WORK TO COMPLETE
Below are some entries. Transcribe the lines from the one holding "Camicia svasata in" to the one holding "グループごとにSDGSについ", inclusive, but not the pictures among them.

[STUDY MATERIAL Boundary: Start]

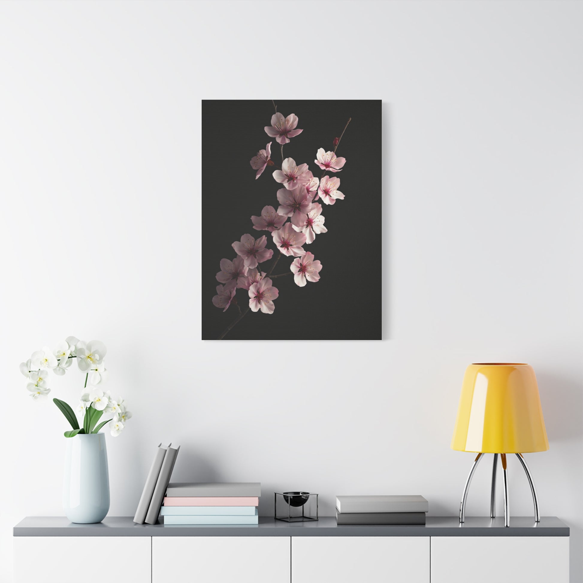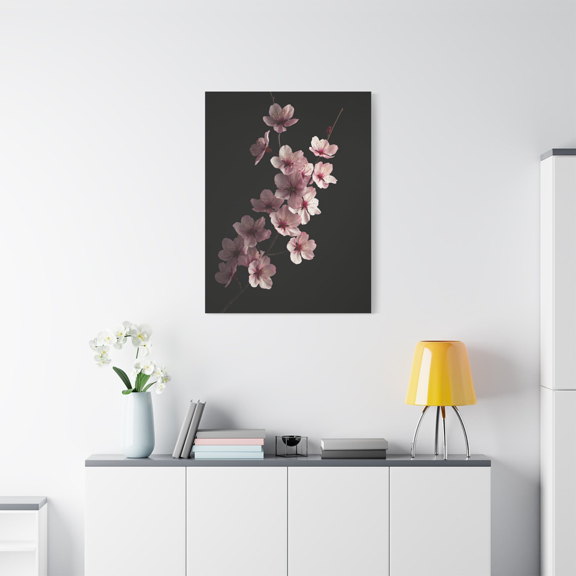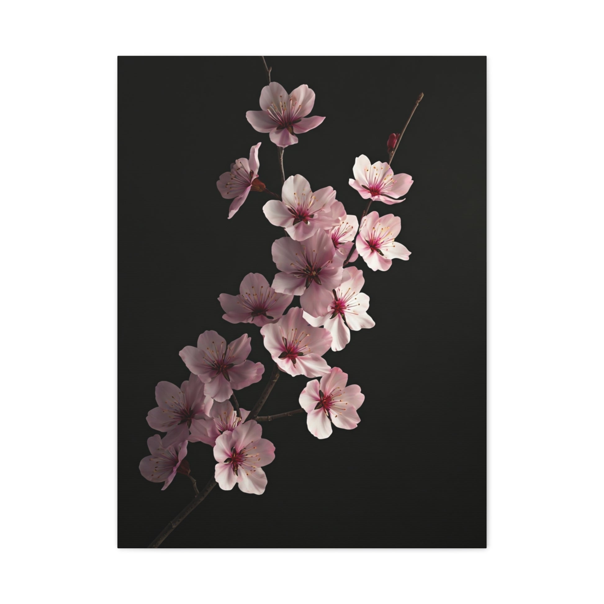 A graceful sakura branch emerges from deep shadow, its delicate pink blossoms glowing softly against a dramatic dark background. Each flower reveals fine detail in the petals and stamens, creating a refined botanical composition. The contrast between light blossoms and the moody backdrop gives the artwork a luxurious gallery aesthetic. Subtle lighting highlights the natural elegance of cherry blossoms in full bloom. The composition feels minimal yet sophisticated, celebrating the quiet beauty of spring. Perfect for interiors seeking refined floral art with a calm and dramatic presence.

[STUDY MATERIAL Boundary: End]
[STUDY MATERIAL Boundary: Start]

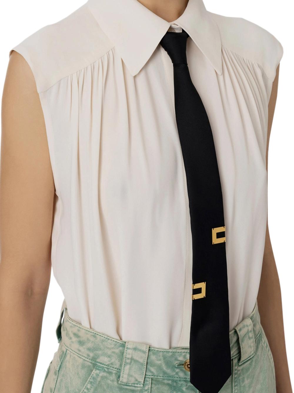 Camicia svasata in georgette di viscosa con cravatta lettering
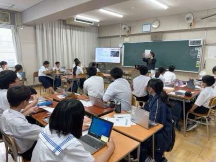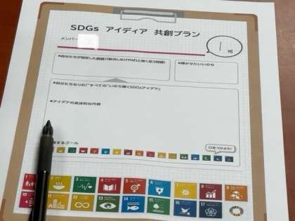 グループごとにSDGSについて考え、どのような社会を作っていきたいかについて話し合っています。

[STUDY MATERIAL Boundary: End]
[STUDY MATERIAL Boundary: Start]

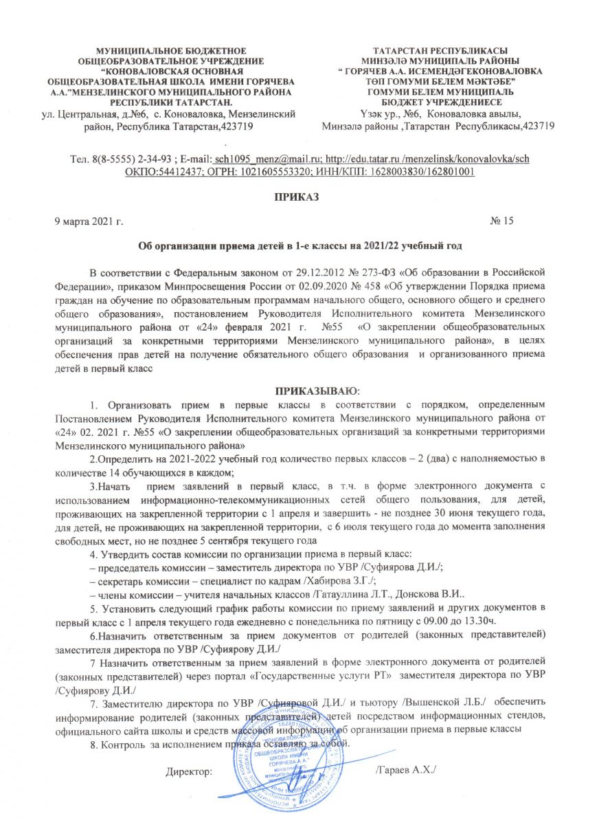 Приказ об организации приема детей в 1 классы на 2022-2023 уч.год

[STUDY MATERIAL Boundary: End]

FINISHED TASK
 Camicia svasata in georgette di viscosa con cravatta lettering
 グループごとにSDGSについて考え、どのような社会を作っていきたいかについて話し合っています。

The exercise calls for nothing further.